▶ **GOAL OF THE EXERCISE**
In the listing below, locate the lines bearing the word "your". Copy every one of them.

######

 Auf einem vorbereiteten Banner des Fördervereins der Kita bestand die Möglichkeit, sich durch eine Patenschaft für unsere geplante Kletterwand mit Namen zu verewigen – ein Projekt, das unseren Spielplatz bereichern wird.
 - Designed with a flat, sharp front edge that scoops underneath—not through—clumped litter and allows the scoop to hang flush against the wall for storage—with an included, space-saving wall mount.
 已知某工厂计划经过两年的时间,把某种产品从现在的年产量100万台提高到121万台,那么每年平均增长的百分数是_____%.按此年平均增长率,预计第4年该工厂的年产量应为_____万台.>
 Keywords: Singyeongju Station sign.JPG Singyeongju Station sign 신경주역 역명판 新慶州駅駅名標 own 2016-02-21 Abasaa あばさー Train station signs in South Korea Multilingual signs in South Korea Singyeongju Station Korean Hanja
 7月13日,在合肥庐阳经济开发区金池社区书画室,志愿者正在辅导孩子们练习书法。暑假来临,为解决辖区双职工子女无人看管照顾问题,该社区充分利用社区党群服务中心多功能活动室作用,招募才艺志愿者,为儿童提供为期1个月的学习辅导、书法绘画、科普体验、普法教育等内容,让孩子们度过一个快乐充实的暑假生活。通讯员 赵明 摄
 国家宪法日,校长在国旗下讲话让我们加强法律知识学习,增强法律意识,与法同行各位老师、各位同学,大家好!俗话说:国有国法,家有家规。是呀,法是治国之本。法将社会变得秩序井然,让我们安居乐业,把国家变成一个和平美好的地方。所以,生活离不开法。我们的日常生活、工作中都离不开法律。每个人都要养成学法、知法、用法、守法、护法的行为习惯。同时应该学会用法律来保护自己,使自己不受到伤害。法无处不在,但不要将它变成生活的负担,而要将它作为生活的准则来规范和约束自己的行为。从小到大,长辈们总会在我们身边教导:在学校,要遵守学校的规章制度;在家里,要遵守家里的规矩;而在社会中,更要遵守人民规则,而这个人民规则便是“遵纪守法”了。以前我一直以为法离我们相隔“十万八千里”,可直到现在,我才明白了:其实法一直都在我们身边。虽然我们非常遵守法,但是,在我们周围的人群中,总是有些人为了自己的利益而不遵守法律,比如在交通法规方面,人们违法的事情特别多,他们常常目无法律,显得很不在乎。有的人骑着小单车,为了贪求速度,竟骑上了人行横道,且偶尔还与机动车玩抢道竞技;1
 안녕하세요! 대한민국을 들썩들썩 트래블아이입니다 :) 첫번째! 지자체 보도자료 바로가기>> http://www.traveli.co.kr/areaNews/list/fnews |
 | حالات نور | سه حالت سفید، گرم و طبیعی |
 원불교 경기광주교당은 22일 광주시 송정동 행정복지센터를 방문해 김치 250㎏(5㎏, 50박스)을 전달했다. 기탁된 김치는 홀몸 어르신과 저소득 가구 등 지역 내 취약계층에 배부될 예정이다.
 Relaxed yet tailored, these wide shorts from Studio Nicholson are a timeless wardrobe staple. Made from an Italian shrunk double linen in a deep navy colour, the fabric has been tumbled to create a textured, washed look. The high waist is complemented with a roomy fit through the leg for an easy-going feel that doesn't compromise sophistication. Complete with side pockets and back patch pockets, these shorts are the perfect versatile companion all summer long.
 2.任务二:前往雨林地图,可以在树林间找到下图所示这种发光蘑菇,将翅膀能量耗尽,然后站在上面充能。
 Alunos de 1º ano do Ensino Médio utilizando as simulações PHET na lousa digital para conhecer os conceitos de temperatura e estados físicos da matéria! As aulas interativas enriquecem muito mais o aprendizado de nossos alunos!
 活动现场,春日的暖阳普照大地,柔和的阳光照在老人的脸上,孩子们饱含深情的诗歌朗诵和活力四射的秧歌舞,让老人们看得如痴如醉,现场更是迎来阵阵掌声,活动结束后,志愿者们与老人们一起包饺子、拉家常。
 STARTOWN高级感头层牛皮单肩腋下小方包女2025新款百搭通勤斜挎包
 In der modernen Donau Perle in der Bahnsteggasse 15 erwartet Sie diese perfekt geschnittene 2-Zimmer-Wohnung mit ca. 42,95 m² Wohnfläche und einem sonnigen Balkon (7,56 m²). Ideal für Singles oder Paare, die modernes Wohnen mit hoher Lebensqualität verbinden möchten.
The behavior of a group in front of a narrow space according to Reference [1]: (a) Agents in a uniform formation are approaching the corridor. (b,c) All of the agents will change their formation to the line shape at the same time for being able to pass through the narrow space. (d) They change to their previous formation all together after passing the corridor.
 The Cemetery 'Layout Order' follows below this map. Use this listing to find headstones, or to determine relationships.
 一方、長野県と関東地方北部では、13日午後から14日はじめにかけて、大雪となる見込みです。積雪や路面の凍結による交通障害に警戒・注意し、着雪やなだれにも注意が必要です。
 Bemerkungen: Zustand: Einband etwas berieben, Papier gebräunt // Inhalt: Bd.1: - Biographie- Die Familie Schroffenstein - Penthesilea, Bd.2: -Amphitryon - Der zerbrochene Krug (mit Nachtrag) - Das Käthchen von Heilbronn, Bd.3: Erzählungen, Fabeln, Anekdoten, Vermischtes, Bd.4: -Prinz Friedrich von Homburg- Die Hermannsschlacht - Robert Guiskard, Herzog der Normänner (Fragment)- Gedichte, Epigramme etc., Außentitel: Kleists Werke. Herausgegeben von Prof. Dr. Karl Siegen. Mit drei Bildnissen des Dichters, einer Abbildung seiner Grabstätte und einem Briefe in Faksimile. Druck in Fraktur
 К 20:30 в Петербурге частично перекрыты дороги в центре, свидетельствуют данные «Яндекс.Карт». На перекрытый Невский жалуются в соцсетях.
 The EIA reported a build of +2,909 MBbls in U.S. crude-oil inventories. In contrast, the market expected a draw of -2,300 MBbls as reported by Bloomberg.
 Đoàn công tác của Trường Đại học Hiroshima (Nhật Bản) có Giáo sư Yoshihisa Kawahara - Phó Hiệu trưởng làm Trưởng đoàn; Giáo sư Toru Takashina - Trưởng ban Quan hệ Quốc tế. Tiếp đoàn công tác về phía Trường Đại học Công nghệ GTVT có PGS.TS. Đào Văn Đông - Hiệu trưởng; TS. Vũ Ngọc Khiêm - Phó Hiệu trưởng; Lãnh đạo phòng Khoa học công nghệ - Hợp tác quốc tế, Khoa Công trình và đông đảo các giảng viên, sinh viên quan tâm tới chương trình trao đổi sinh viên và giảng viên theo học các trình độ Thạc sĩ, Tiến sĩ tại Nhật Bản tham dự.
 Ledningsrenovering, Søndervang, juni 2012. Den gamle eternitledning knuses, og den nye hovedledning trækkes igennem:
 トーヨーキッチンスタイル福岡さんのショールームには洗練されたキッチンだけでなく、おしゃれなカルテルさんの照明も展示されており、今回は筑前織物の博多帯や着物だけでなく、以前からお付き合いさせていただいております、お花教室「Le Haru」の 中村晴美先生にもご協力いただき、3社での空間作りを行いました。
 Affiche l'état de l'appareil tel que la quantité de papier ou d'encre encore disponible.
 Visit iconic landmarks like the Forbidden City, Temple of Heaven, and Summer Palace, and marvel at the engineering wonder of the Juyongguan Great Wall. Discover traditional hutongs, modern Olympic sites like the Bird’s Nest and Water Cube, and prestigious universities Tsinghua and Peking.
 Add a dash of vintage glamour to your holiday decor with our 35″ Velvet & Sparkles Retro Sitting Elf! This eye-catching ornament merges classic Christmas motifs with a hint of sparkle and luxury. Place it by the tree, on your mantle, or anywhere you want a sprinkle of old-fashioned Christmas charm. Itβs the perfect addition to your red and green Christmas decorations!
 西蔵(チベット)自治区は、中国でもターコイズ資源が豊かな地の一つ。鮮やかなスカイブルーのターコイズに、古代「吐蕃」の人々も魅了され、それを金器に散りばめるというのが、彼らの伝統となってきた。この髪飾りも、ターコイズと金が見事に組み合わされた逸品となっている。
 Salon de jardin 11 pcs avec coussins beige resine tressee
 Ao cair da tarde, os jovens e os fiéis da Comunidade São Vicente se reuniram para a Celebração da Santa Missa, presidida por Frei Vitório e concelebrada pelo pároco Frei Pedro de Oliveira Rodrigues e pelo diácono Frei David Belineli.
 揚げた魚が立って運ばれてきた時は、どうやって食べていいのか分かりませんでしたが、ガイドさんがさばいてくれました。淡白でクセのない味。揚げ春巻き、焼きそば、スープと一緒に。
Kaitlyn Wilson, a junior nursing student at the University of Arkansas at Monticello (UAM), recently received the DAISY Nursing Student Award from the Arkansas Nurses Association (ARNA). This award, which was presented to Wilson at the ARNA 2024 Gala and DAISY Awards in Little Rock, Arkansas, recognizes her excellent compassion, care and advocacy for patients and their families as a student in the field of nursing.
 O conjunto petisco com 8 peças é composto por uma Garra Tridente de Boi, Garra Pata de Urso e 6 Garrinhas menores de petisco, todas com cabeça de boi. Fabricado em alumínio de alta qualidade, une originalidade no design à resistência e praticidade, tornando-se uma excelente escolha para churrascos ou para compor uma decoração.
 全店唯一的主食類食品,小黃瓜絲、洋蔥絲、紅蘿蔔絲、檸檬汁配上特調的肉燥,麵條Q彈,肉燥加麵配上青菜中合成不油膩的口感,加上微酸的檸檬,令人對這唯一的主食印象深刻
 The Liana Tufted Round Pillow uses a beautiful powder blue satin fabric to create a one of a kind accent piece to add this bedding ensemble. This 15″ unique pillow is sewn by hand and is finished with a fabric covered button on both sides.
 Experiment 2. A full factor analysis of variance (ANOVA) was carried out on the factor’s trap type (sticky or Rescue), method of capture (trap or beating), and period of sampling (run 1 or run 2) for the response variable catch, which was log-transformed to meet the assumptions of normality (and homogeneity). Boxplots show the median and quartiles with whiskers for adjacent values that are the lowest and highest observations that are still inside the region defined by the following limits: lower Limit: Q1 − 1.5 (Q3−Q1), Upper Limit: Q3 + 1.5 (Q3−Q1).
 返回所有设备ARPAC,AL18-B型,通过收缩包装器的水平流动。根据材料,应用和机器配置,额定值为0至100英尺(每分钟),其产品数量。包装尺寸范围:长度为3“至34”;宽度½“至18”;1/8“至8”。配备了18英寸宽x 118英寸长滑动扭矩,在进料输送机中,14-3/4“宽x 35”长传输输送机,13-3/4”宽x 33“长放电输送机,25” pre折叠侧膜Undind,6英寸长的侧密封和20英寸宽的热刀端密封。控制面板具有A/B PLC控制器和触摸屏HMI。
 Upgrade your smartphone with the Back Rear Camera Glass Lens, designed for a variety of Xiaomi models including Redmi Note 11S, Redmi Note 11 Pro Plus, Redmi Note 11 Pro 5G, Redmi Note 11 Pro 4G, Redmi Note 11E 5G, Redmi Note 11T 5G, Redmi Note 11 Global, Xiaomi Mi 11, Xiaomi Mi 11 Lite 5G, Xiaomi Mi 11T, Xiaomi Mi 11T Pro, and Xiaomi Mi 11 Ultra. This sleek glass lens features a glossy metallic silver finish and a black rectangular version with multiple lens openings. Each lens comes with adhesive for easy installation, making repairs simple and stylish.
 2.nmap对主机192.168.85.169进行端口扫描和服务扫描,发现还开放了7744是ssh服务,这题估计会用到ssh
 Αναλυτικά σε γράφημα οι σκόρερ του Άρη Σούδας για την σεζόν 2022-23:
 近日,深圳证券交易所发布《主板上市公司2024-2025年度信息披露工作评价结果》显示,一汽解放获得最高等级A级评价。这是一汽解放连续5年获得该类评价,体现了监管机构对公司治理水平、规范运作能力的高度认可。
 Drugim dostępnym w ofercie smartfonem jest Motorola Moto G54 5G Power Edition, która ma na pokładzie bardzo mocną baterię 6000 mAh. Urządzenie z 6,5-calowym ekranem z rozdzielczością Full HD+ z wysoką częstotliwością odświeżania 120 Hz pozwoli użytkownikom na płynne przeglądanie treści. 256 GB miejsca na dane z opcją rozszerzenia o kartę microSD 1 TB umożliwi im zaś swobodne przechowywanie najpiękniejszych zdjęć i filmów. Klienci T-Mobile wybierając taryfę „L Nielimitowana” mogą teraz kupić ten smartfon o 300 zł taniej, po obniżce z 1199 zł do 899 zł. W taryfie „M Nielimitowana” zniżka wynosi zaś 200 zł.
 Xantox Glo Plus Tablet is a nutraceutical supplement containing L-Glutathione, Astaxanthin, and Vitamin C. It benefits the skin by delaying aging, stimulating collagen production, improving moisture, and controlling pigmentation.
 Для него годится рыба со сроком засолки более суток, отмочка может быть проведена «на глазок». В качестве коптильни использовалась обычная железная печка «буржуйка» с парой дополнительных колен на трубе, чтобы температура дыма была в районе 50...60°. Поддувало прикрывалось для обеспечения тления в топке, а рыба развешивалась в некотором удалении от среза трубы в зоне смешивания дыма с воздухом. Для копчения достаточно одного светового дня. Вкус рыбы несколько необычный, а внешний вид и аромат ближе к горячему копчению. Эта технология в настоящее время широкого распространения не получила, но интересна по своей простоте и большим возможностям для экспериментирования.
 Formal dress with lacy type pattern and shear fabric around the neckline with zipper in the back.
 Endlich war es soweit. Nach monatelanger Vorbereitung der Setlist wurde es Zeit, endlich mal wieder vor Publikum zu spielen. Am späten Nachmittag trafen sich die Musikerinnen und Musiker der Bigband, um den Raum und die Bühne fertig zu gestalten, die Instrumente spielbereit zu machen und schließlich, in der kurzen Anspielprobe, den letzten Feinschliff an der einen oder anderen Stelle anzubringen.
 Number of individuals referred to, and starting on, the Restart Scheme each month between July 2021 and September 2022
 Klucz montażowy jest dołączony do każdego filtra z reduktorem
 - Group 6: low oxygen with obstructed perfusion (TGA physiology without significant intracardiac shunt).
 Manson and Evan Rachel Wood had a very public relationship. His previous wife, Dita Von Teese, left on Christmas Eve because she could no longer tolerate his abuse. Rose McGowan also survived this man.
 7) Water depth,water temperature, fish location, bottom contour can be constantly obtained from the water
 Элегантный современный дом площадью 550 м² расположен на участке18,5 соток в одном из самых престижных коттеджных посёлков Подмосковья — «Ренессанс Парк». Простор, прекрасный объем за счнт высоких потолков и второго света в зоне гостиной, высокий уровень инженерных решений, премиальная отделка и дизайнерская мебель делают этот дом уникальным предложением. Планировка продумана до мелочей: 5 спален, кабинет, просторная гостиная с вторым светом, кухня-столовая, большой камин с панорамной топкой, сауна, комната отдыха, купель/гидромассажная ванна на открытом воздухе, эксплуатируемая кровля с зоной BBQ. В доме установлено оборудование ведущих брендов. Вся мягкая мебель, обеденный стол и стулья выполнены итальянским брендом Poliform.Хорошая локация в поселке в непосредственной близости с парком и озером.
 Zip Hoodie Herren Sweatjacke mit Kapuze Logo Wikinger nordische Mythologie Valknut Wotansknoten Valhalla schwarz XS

######

▶ **RESPONSE AREA**
 Add a dash of vintage glamour to your holiday decor with our 35″ Velvet & Sparkles Retro Sitting Elf! This eye-catching ornament merges classic Christmas motifs with a hint of sparkle and luxury. Place it by the tree, on your mantle, or anywhere you want a sprinkle of old-fashioned Christmas charm. Itβs the perfect addition to your red and green Christmas decorations!
 Upgrade your smartphone with the Back Rear Camera Glass Lens, designed for a variety of Xiaomi models including Redmi Note 11S, Redmi Note 11 Pro Plus, Redmi Note 11 Pro 5G, Redmi Note 11 Pro 4G, Redmi Note 11E 5G, Redmi Note 11T 5G, Redmi Note 11 Global, Xiaomi Mi 11, Xiaomi Mi 11 Lite 5G, Xiaomi Mi 11T, Xiaomi Mi 11T Pro, and Xiaomi Mi 11 Ultra. This sleek glass lens features a glossy metallic silver finish and a black rectangular version with multiple lens openings. Each lens comes with adhesive for easy installation, making repairs simple and stylish.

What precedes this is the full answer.